You don’t need to be familiar with the electrical schematic for the Waveshare board to use it. But if you would like more insight as to what the board is doing, continue reading.

SIMCOM 7600 Pinout

A quick glance of the pinout for the SIMCOM 7600 integrated circuit gives hints at a number of interfaces the chip supports. There are pins for power control, USB data transfer, interfacing to an SD card, GNSS, Flight mode, I2C, a UART interface, functionality concerning batteries, and analog to digital conversion. While the SIMCOM 7600 supports all of these interfaces, the Waveshare 7600 board built around this supports a subset of these interfaces; some of the lines on the SIMCOM 7600 are not connected to an external interface.

The schmatic that Waveshare provides is available on their Wiki at this URL. In the center of the schematic is the SIM7600.

SIM7600CX

Looking at this part of the diagram alone, you might notice that the pins labeled SCL and SDA are both tied to the positive voltage source instead of to other circuitry. These labels are associated with an I2C interface. Since the Waveshare’s board does not bridge the I2C pins between the Jetson Nano and the SIMCOM 760X, there is no I2C that you can use. Let’s take a look at how Waveshare’s device is connected to the Jetson Nano’s 40 pin header.

Waveshare Jetson Interface

Here you can see that the Waveshare board connects to some voltage and ground lines on the 40-pin interface. The only pins related to functionality used are pins 8 and 10 on the Jetson, which connect the Jetson’s UART to the SIMCOM 7600’s UART, and pins 31 and 33 on the Jetson, which connect to pins labeled D6 and D13 on the Waveshare board. Let’s trace these lines.

The two UART lines don’t connect directly to the SIMCOM 7600X. Instead they pass through a pair of switches and an integrated circuit identified as TXB0108EPWR. According to a datasheet (PDF), this circuit is a level shifter.

This circuit isn’t providing any additional signals. It allows the SIMCOM 7600, which uses 1.8 volt signaling, to communicate with the Jetson Nano over 3.3 volt signaling.
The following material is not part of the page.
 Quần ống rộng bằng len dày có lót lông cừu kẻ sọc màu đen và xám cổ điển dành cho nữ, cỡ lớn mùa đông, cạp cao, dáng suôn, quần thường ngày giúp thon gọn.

The two switches allow the SIMCOM 7600’s UART and Jetson’s UART to be disconnected from each other. It is also possible to connect directly to the 3.3volt side of this circuit through pins exposed on the board.

Waveshare UART switch

There’s a schematic for the USB port. There’s nothing significant in the USB connection that you need to know. When I first got my hands on this board I was wondering why there were interfaces for both USB and a UART. Why are there two connections? This was answered by reading the SIMCOM 7600 documentation. The 7600 can accept AT commands over either interface and perform data transfers over either interface. The USB port is set to suspend if it is not used within some time period. It becomes active again during certain wake events.
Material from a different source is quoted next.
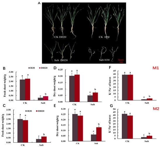 Comparison of H30 and DH20 at 28 d seedling stage (Zadoks growth scale 19) under CK and salt conditions. (A) Growth performance; fresh shoot weight in M1 (B) and M2 (C); dry shoot weight in M1 (D) and M2 (E); K+/Na+ of leaves in M1 (F) and M2 (G). M1 and M2 represents mutagenesis 1 and 2 generation, respectively. Different letters indicate significant differences at the 0.05 level by Student’s t test. All data represent three biological replicates. CK: control; Salt: salt condition.

In the Waveshare Wiki, developers are instructed to set a pin of the Jetson Nano to high and then low to ensure that the Wavesare device is turned on. The following is a script that can Waveshare provides for doing this.

echo 200 > /sys/class/gpio/export 
echo out > /sys/class/gpio200/direction 
echo 1 > /sys/class/gpio200/value 
echo 0 > /sys/class/gpio200/value 

There is not an explanation given as to what this is doing. GPIO200 is connected to pin 31 on the Jetson’s 40 pin header. Pin 31 leads to a pin labeled D6 on the board. What does pin D6 do? On the schematic we find that D6 terminates on a jumper.

D6 on Schematic

Layouts on an electrical schematic don’t necessarily map spatially. Looking at the physical connector in question, we can see more of what it does.

Closeup of D6

There is a jumper that can either bridge D6 to PWR, or bridge the 5V supply to power. In the above since PWR and 5V are connected, the PWR line will always be highm and pin 31 on the Jetson Nano is free for other purposes. If D6 and PWR are bridged, then the Jetson controls the power state of the board. The SIMCOM 7600 could go to a lower power mode for a number of reasons. This could include receiving a command instructing the SIMCOM 7600 to go to a lower power state. Pulsing this line will wake the SIMCOM 7600 up. If we look a little deeper at the schematic, we find PWR does not go directly to the SIMCOM 7600. It passes through another circuit.

Circuit for PWR signal

The end of the circuit labeled POWERKEY is connected to the SIMCOM 7600’s line of the same label. According to the SIMCOM 7600 documentation, connecting the power line to ground will power the unit on. (the POWERKEY line is connected to positive 1.8V internally within the SIMCOM 7600). The end result of this circuit could almost be viewed as being like an inverter; the high voltage from D6 or PWR results in the POWERKEY pin connecting to ground (low signal) and powering on. Sending a low signal to PWR causes the POWERKEY to be driven high by it’s internal resistor, which powers the SIMCOM 7600X off.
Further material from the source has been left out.